3) Add another 2-6 large mean mbuna.

4) pull them all and start over

I would suggest you aim for a stable group of bachelors of matched aggression levels by both adding fish while removing suspected females, any fish that succeeds in killing another, and any too bullied to eat. 

Or I would trade them all in and aim for a "harem" of all one species, but only 1 or 2 males. I would suggest P. Saulosi.


----------



## PuterChickFL (Feb 23, 2010)

The trouble I have is not knowing who are females and who are males. The only male I'm sure of is the Auratus. The yellow used to always hide above the powerhead in the corner so I guess he was a target. As far as rearranging, well they are all taking part in that lol its a mess in there from the digging and displacement of the gravel. He seems to favor chasing the OB a lot, but he/she stands up to him and defends his area.

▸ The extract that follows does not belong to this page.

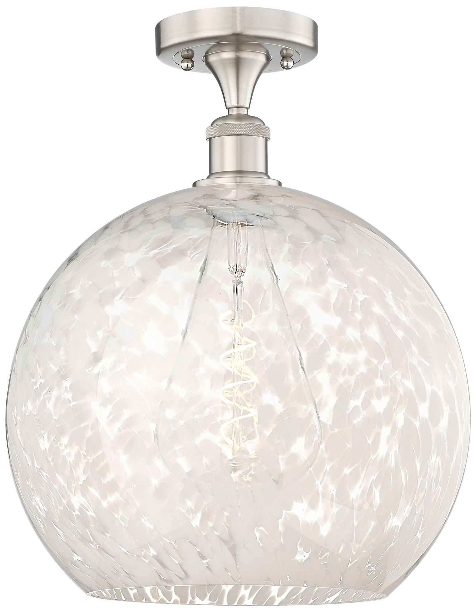 Edison 13.75"W Satin Nickel Semi-Flush Mount w/ White Mouchette Shade

I may have to talk to someone at one of my LFS to see if they want him because I don't have a tank to put him in, I got plans for my empty tank.


----------



## kay-bee (Dec 6, 2006)

You could also increase the quantity of the least aggressive species in the tank. For example if you had 5-7 yellow labs, their numbers (and near identical appearance) will protect them from being singled out.

Removing the aggressor will simply create a 'vacancy' which will be filled by one of the other fish (kenyi, auratus, zebra's are even more aggressive than socolofi's when fully matured, expect one of these to make a move if the socolofi is removed, though they may end up 'de-throning' it in time).

An equation that works for me:

(high numbers of least aggressive species)+(aggressive species maintained in proper gender ratio's such as 1m/4f)+(the presence of rivals, e.g., additional aggressive species).


----------



## PuterChickFL (Feb 23, 2010)

If I was to go on the eggspot theory then I would say the red zebra and the OB are male and the Socolofi is female. I sat for a minute before feeding them this morning and Socolofi really messes with the OB, but he is like "back off I'm not scared", and he's the main digger right now. Decorations are now sinking lol


----------